Question

BL and CM are medians of a triangle ABC, right-angled at A. Prove that \( 4(BL^2 + CM^2) = 5BC^2 \).

Hint:

In a right-angled triangle, the length of a median can be calculated using a formula involving the sides of the triangle.

Answer 1

Let \( \triangle ABC \) be a right-angled triangle at \( A \), and let \( BL \) and \( CM \) be the medians from vertices \( B \) and \( C \), respectively. We need to prove that: \[ 4(BL^2 + CM^2) = 5BC^2. \] Step 1: Use the property of medians in a right-angled triangle.
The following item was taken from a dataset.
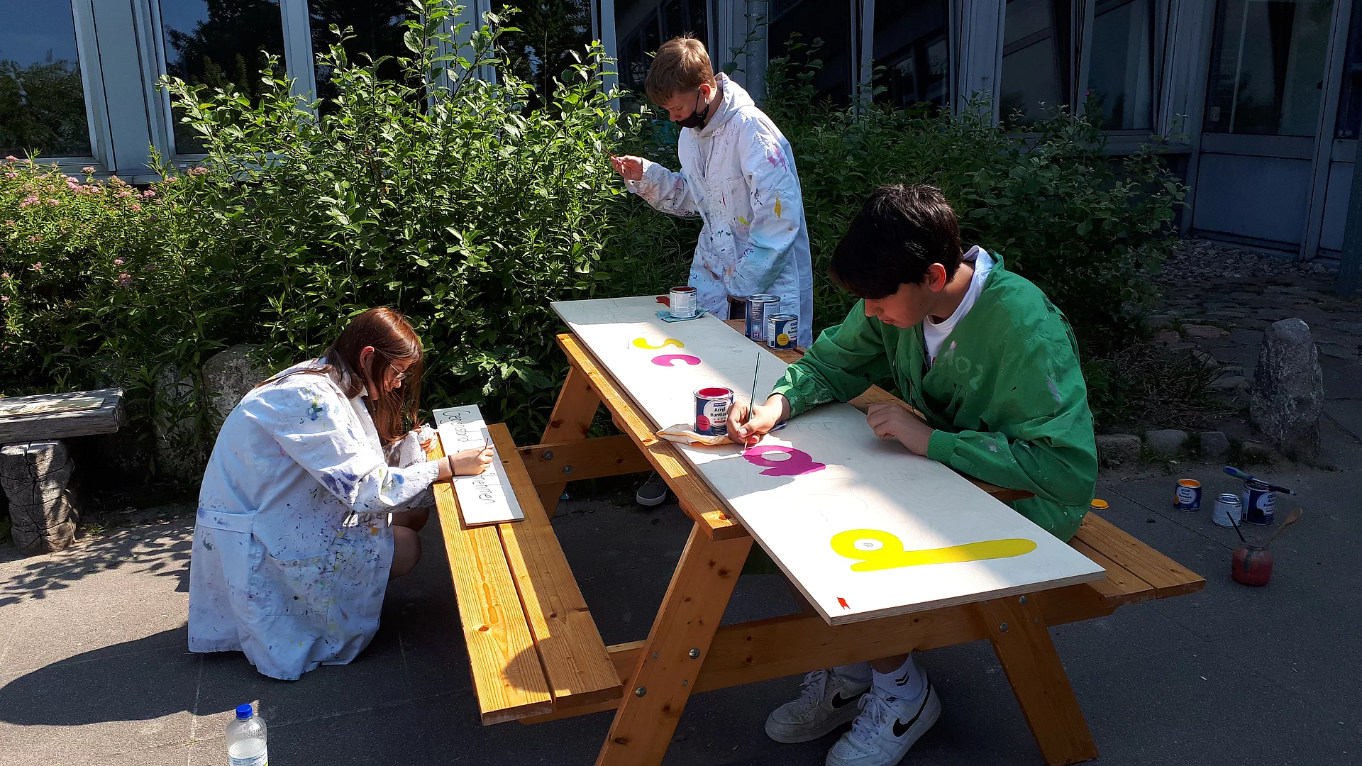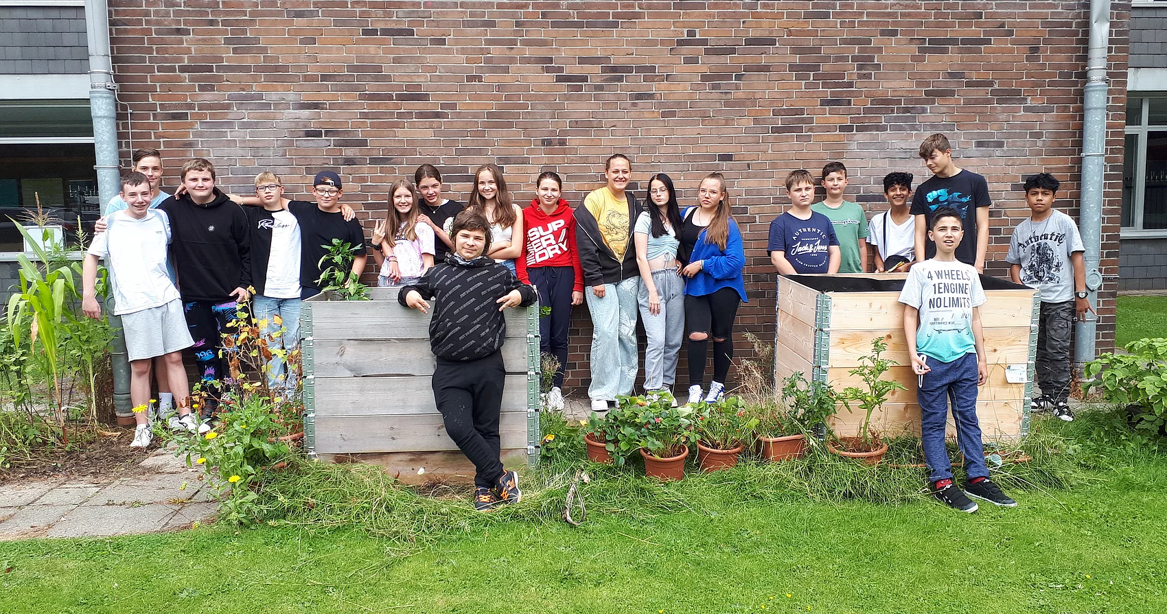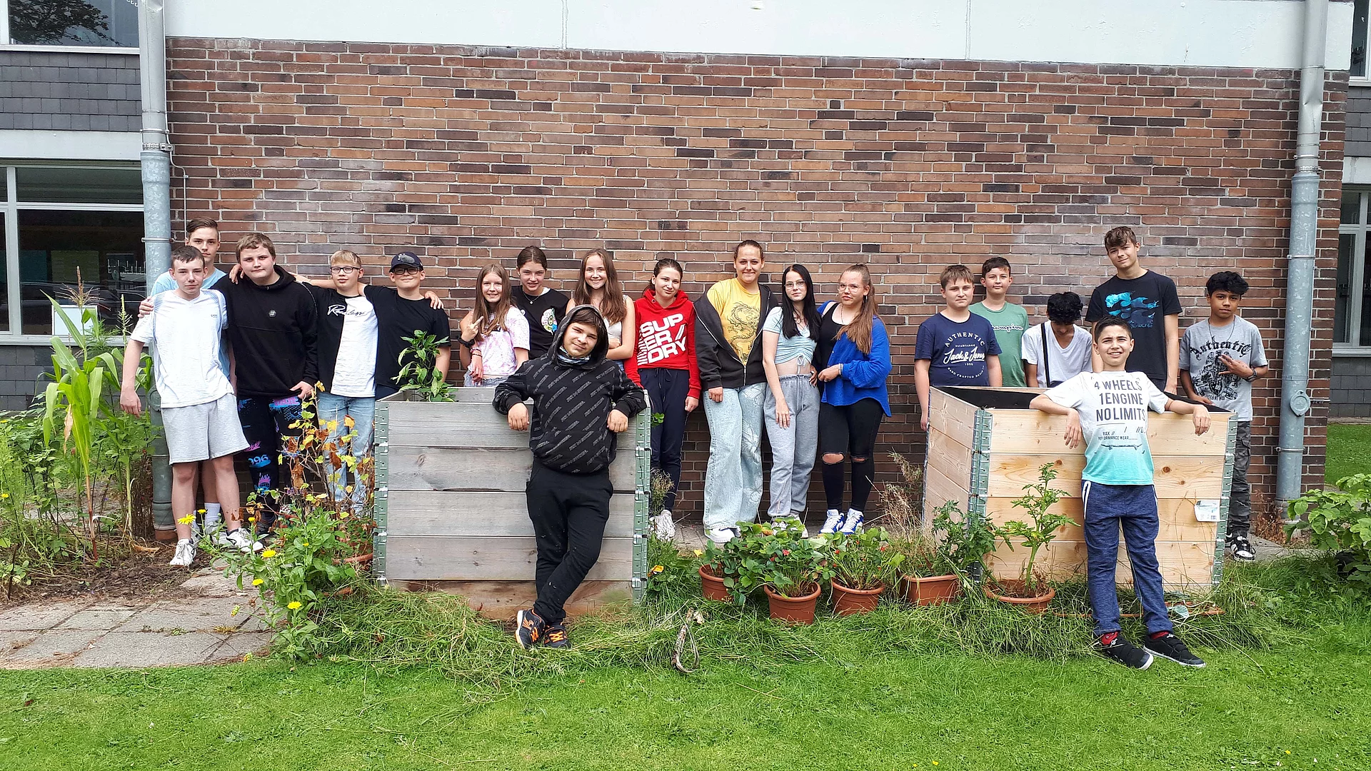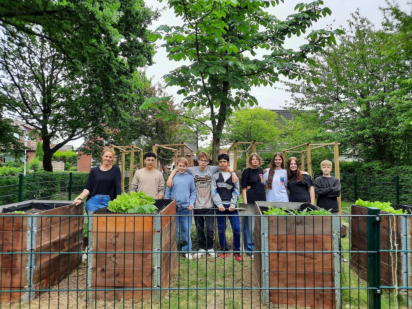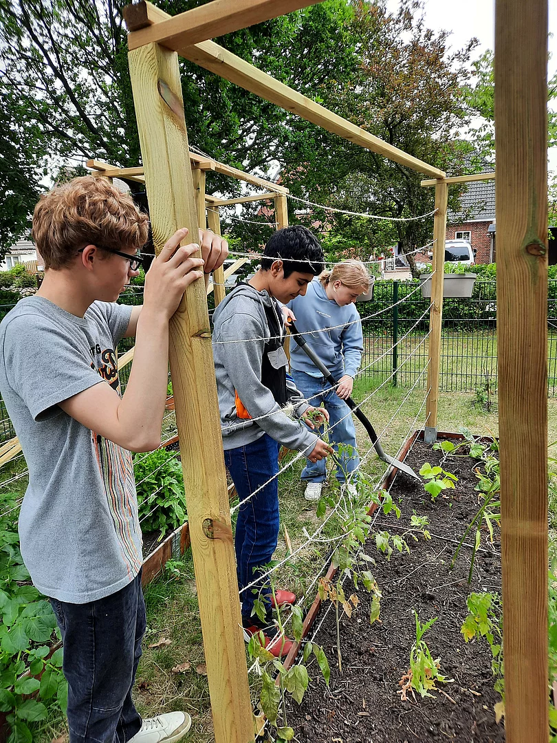Bis dahin war der Gemüsegarten frei zugänglich, was leider ausgenutzt wurde. An Wochenenden oder Nachmittagen kamen ungebetene Gäste mit Jutebeuteln vorbei und ernteten, was wir gesät hatten. Also musste ein Zaun her. Dieser wurde in diesem Jahr von unseren Hausmeistern aufgebaut. Auch die Tomaten und Gurken brauchten etwas mehr Stabilität, also bauten die SchülerInnen kurzerhand selbst Rankhilfen.

In a right-angled triangle, the length of the median from the right angle can be given by the formula: \[ BL^2 = \frac{2AB^2 + 2AC^2 - BC^2}{4}. \] Similarly, the length of the median from vertex \( C \) is: \[ CM^2 = \frac{2BC^2 + 2AC^2 - AB^2}{4}. \] Step 2: Add \( BL^2 \) and \( CM^2 \). Now, adding these two equations for \( BL^2 \) and \( CM^2 \): \[ BL^2 + CM^2 = \frac{2AB^2 + 2AC^2 - BC^2}{4} + \frac{2BC^2 + 2AC^2 - AB^2}{4}. \] Simplifying the right-hand side: \[ BL^2 + CM^2 = \frac{2AB^2 + 2AC^2 - BC^2 + 2BC^2 + 2AC^2 - AB^2}{4}. \] \[ BL^2 + CM^2 = \frac{AB^2 + 4AC^2 + BC^2}{4}. \] Step 3: Multiply by 4 to complete the proof. Now, multiply both sides by 4: \[ 4(BL^2 + CM^2) = AB^2 + 4AC^2 + BC^2. \] Since \( \triangle ABC \) is a right-angled triangle, \( AB^2 + AC^2 = BC^2 \) by the Pythagorean theorem. Thus: \[ 4(BL^2 + CM^2) = BC^2 + 4AC^2 + BC^2 = 5BC^2. \]
Conclusion:
We have shown that \( 4(BL^2 + CM^2) = 5BC^2 \).